Dataset items:
BEGIN

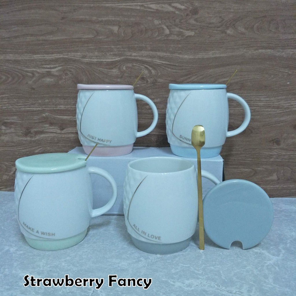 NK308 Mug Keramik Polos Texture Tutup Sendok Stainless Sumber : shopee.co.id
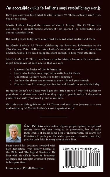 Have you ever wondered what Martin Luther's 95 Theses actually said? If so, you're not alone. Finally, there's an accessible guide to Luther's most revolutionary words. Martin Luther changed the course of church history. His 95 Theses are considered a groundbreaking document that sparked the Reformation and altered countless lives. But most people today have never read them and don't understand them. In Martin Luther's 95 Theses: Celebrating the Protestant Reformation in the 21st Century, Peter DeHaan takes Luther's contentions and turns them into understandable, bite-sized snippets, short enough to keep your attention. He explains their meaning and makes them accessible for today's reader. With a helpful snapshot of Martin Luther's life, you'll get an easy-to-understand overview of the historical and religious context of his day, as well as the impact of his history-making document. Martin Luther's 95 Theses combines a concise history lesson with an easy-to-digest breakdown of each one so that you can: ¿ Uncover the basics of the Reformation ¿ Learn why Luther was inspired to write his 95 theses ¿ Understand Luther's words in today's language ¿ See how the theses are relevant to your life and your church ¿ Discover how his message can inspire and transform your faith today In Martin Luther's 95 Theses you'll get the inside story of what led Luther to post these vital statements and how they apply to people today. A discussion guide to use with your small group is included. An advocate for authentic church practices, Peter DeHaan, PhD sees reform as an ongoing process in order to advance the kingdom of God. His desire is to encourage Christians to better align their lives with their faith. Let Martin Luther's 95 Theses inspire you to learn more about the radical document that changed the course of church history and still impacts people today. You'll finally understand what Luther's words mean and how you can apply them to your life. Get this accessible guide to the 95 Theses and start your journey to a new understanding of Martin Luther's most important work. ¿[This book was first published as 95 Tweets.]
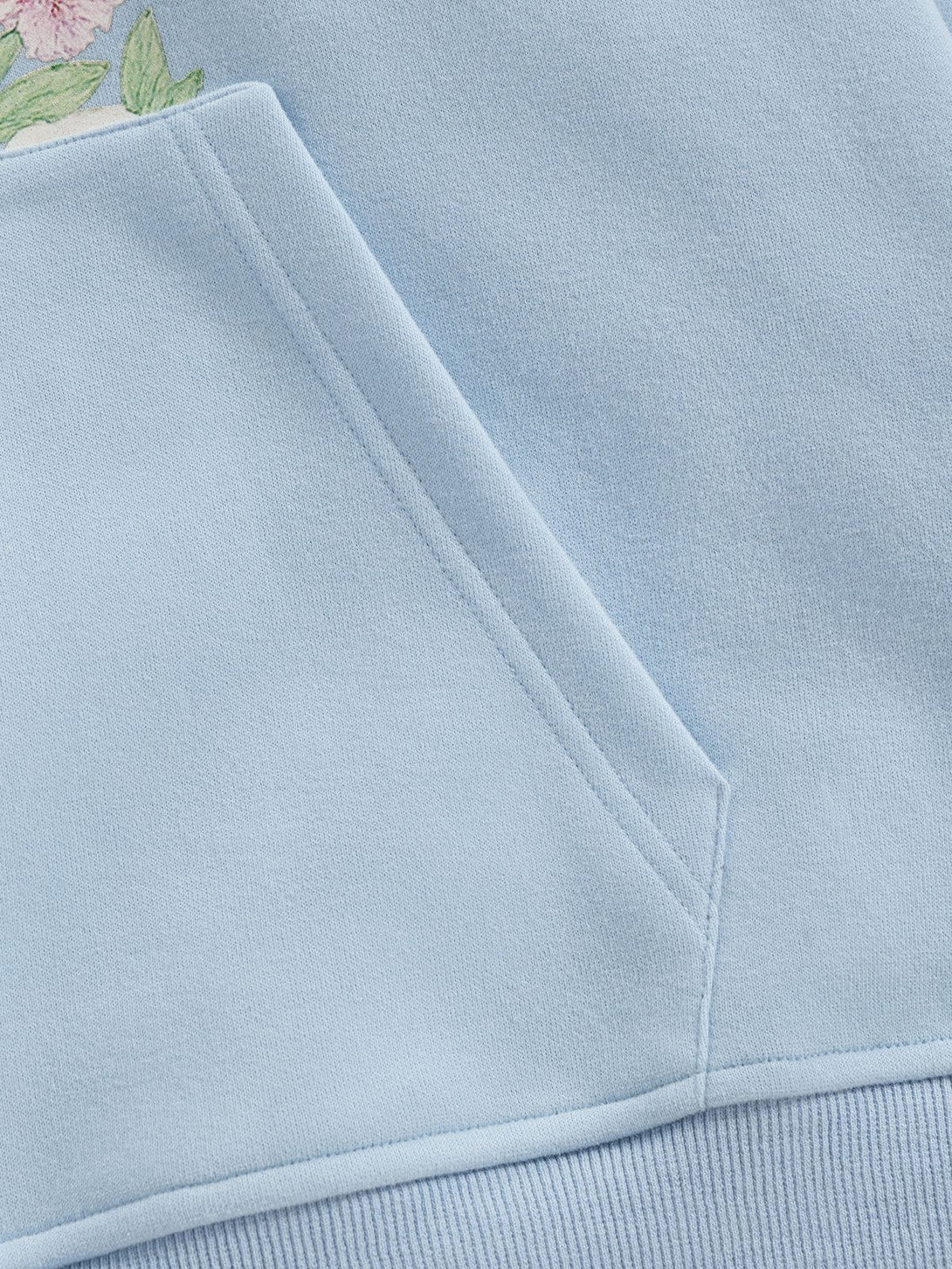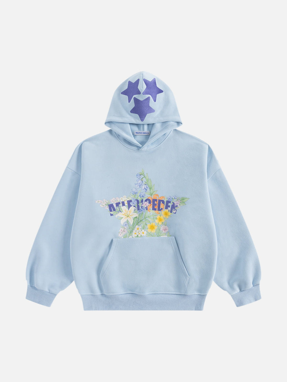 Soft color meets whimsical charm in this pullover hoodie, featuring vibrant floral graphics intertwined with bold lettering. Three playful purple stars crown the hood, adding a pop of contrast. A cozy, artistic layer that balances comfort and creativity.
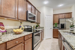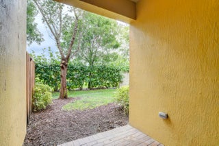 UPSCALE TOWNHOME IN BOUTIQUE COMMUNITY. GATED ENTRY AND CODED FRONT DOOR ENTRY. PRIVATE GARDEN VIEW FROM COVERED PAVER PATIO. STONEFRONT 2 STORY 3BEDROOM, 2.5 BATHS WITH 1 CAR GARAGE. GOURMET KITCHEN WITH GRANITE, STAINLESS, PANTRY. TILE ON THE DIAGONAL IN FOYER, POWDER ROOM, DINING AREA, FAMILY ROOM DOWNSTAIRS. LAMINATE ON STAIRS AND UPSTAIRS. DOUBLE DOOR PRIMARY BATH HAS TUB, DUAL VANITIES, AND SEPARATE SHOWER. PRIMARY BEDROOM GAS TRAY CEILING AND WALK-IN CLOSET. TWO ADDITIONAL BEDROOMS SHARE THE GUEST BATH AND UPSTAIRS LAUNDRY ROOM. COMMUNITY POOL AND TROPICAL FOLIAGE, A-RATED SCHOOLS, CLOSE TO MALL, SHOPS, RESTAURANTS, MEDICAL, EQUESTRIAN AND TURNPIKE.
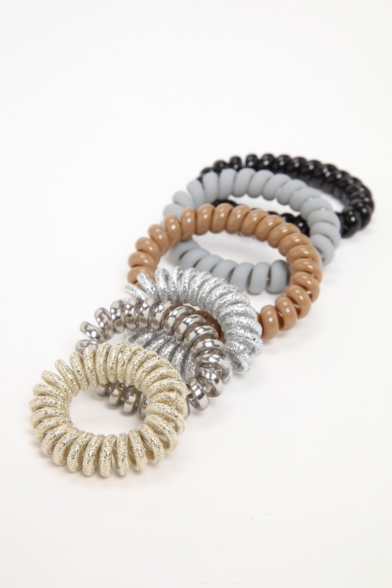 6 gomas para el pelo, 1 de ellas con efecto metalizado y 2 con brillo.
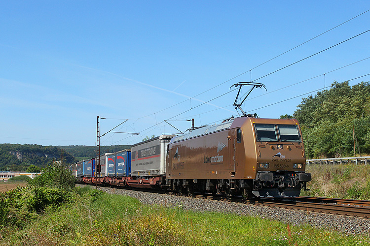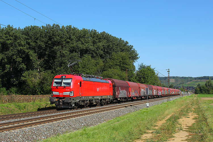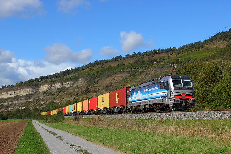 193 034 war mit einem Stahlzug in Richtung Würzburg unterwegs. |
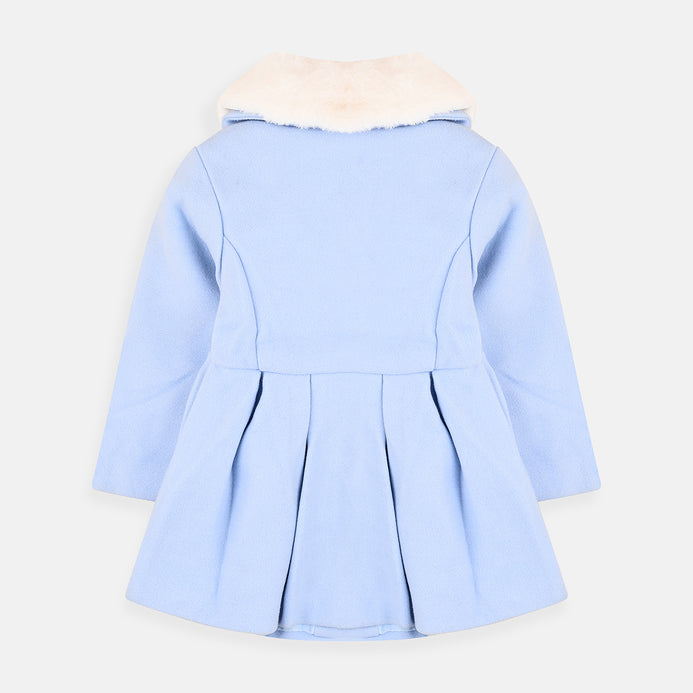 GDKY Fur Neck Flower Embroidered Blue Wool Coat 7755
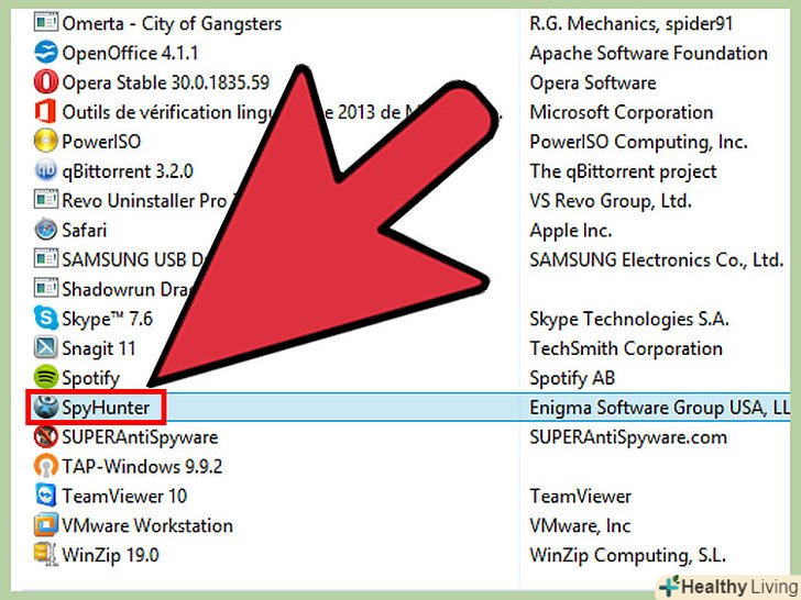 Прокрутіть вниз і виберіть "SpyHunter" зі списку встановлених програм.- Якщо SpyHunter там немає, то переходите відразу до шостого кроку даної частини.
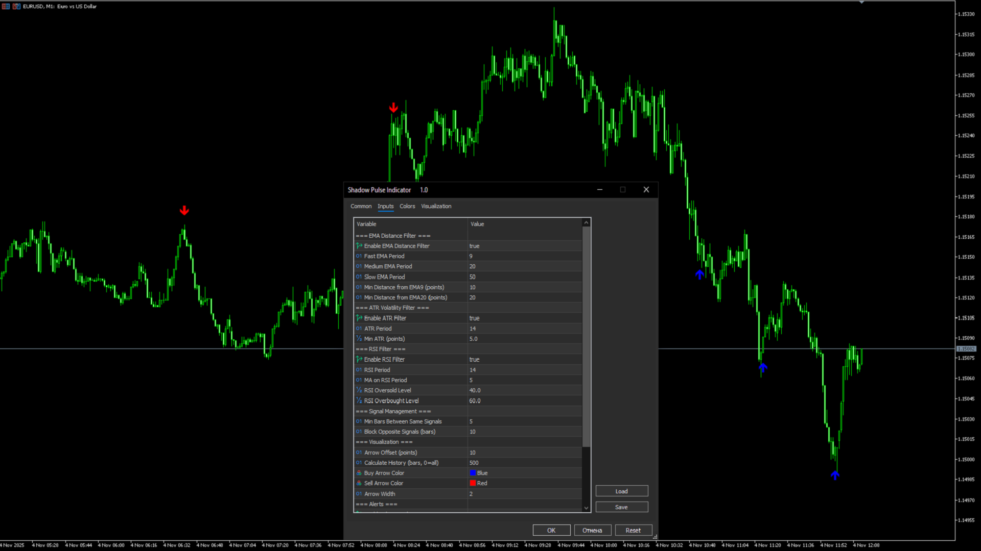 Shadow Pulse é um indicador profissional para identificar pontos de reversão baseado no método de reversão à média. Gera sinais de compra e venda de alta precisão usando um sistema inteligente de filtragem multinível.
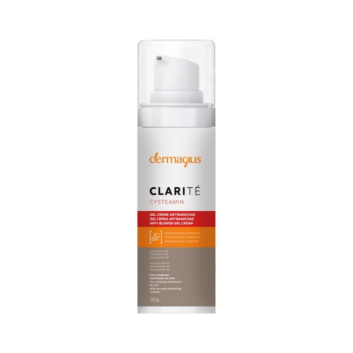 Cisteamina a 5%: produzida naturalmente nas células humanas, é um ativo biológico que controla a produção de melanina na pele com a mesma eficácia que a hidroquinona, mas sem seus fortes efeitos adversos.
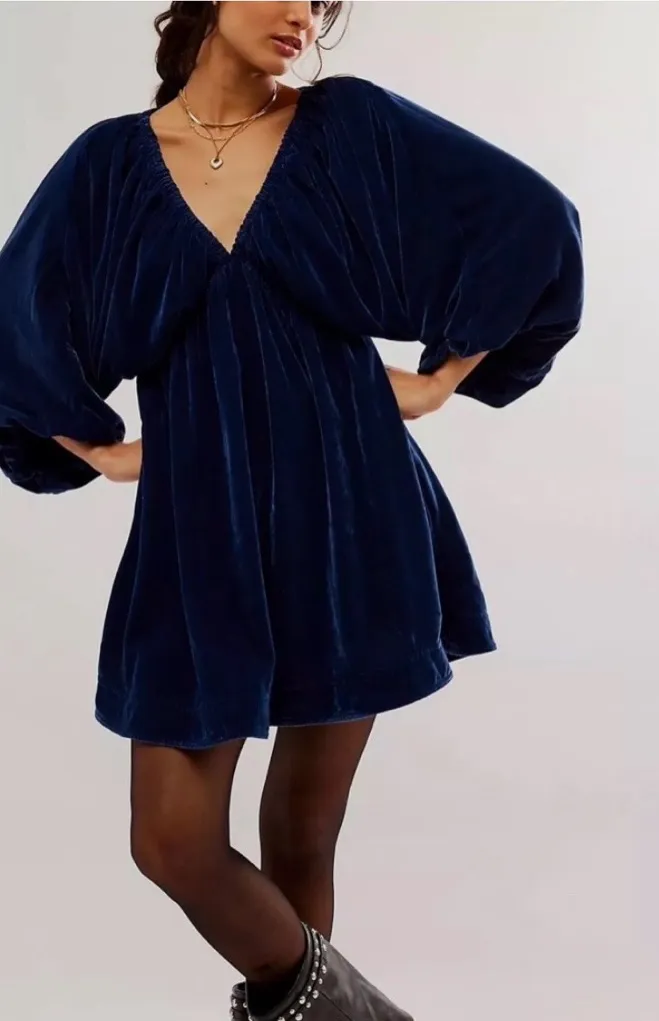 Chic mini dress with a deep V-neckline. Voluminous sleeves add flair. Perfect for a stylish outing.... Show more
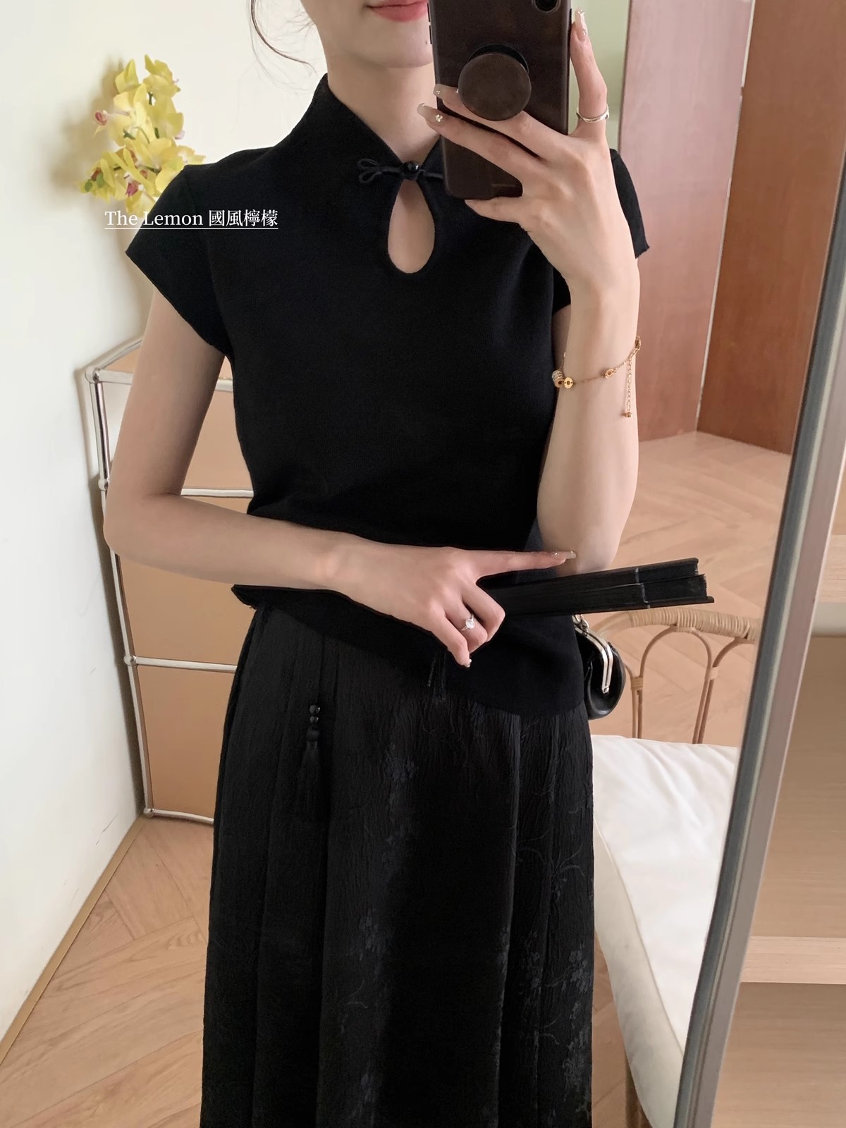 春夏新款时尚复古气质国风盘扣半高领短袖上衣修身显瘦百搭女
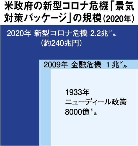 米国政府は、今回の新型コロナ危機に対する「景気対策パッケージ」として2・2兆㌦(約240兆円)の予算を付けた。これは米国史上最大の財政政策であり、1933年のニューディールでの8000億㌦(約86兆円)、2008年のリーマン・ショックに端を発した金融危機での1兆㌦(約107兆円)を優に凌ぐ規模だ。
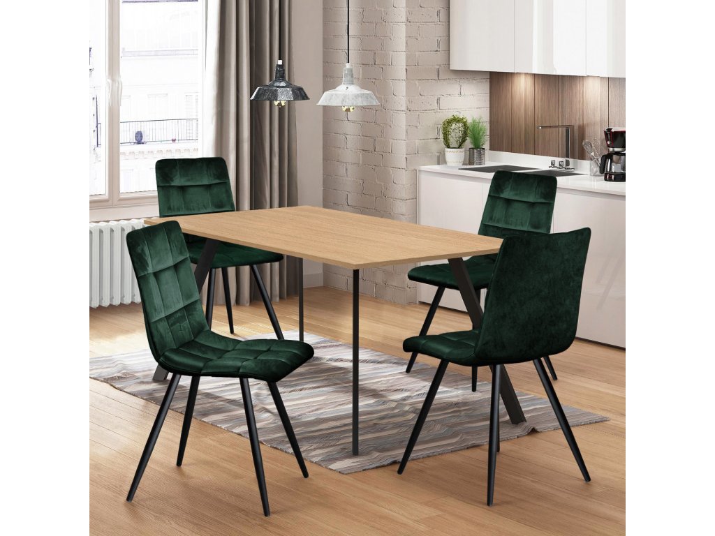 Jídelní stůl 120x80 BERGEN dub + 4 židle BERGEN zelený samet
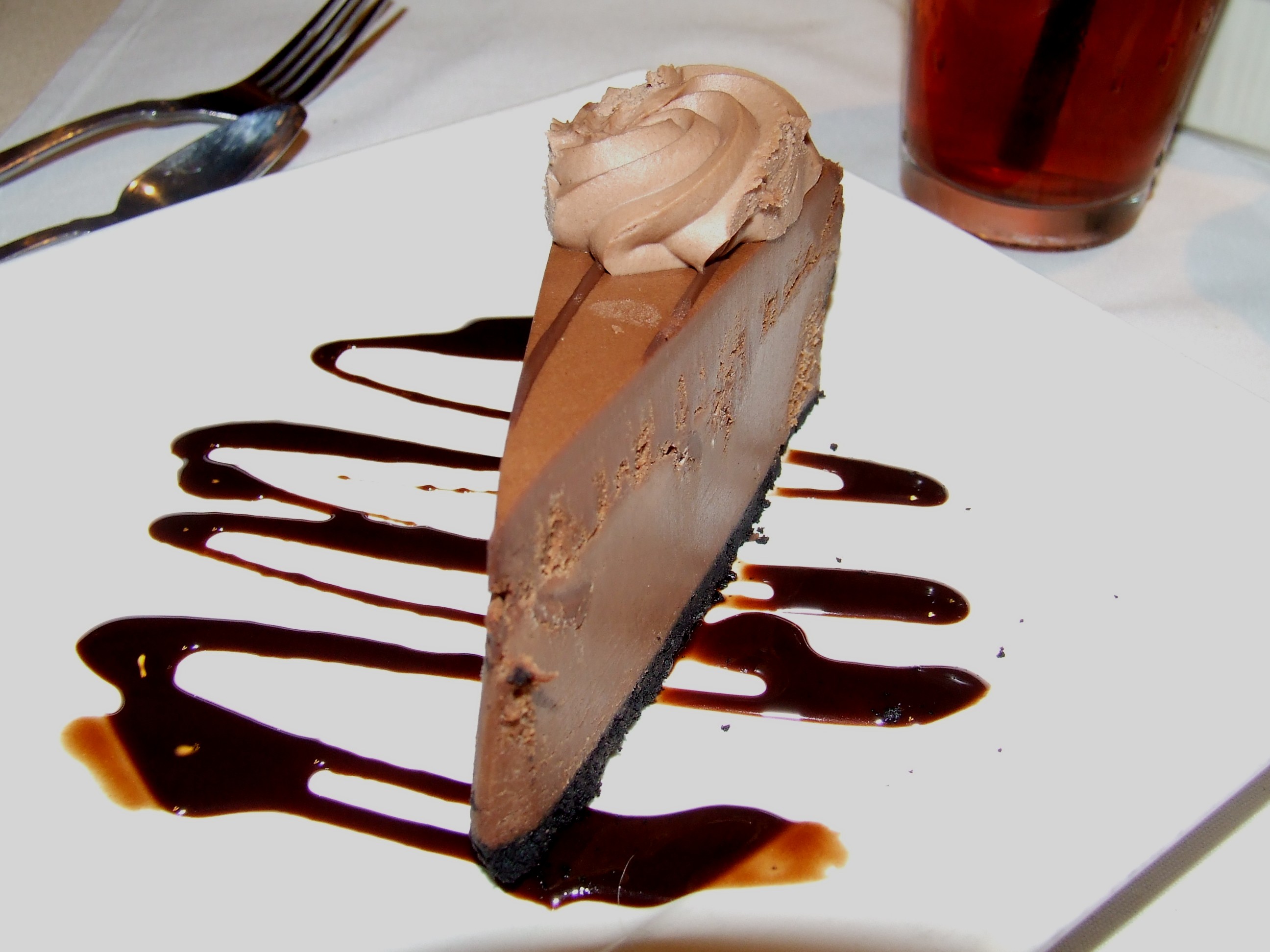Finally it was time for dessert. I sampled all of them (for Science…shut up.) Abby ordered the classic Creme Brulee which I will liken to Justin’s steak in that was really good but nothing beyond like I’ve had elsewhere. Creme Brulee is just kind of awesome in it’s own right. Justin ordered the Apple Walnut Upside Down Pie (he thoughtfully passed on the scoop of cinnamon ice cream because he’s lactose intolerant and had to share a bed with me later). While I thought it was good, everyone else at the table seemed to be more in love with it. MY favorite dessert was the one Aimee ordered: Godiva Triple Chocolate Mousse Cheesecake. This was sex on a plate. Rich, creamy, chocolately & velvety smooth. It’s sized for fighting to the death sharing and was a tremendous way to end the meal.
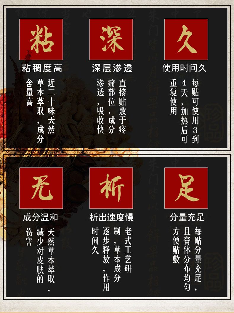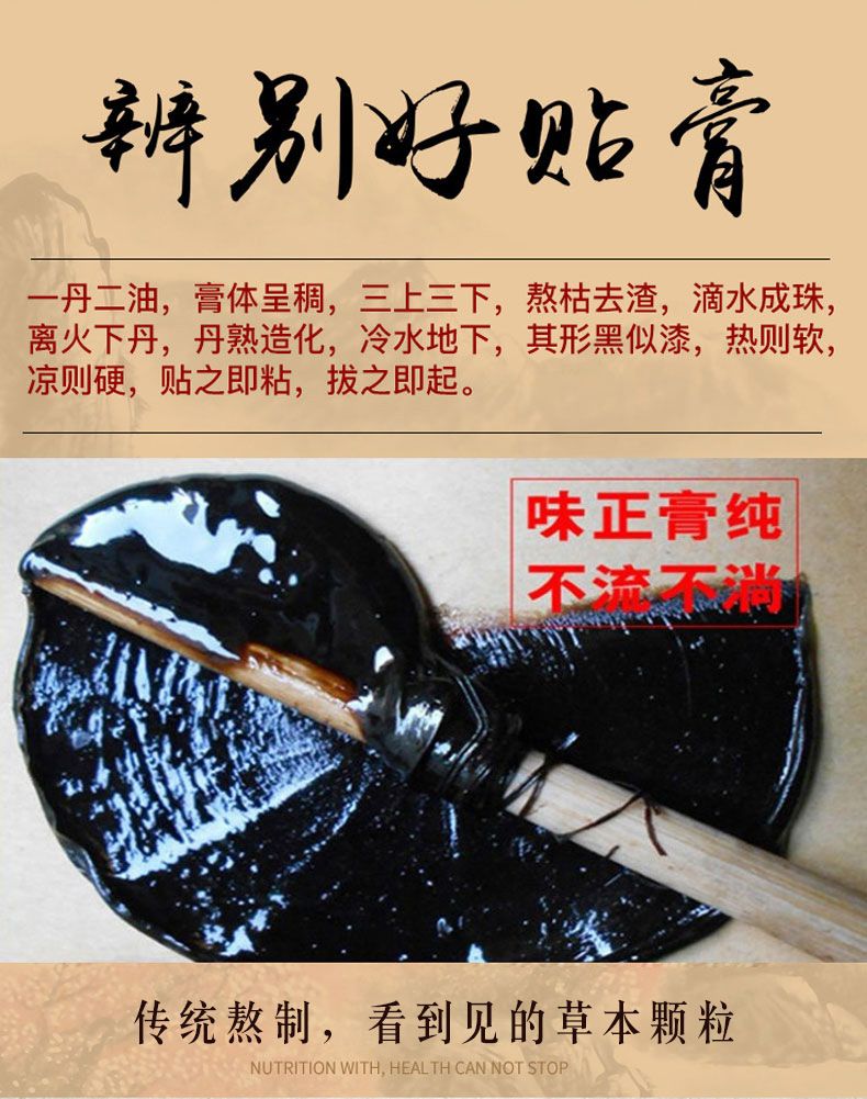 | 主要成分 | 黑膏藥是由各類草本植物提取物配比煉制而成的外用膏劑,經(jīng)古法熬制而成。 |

END

ACTION ITEM: Every line above from the one with "Прокрутіть вниз і" down to the one with "Jídelní stůl 120x80" must be written out exactly, and no picture may appear.

RESULT FOR THIS TASK:
 Прокрутіть вниз і виберіть "SpyHunter" зі списку встановлених програм.- Якщо SpyHunter там немає, то переходите відразу до шостого кроку даної частини.
 Shadow Pulse é um indicador profissional para identificar pontos de reversão baseado no método de reversão à média. Gera sinais de compra e venda de alta precisão usando um sistema inteligente de filtragem multinível.
 Cisteamina a 5%: produzida naturalmente nas células humanas, é um ativo biológico que controla a produção de melanina na pele com a mesma eficácia que a hidroquinona, mas sem seus fortes efeitos adversos.
 Chic mini dress with a deep V-neckline. Voluminous sleeves add flair. Perfect for a stylish outing.... Show more
 春夏新款时尚复古气质国风盘扣半高领短袖上衣修身显瘦百搭女
 米国政府は、今回の新型コロナ危機に対する「景気対策パッケージ」として2・2兆㌦(約240兆円)の予算を付けた。これは米国史上最大の財政政策であり、1933年のニューディールでの8000億㌦(約86兆円)、2008年のリーマン・ショックに端を発した金融危機での1兆㌦(約107兆円)を優に凌ぐ規模だ。
 Jídelní stůl 120x80 BERGEN dub + 4 židle BERGEN zelený samet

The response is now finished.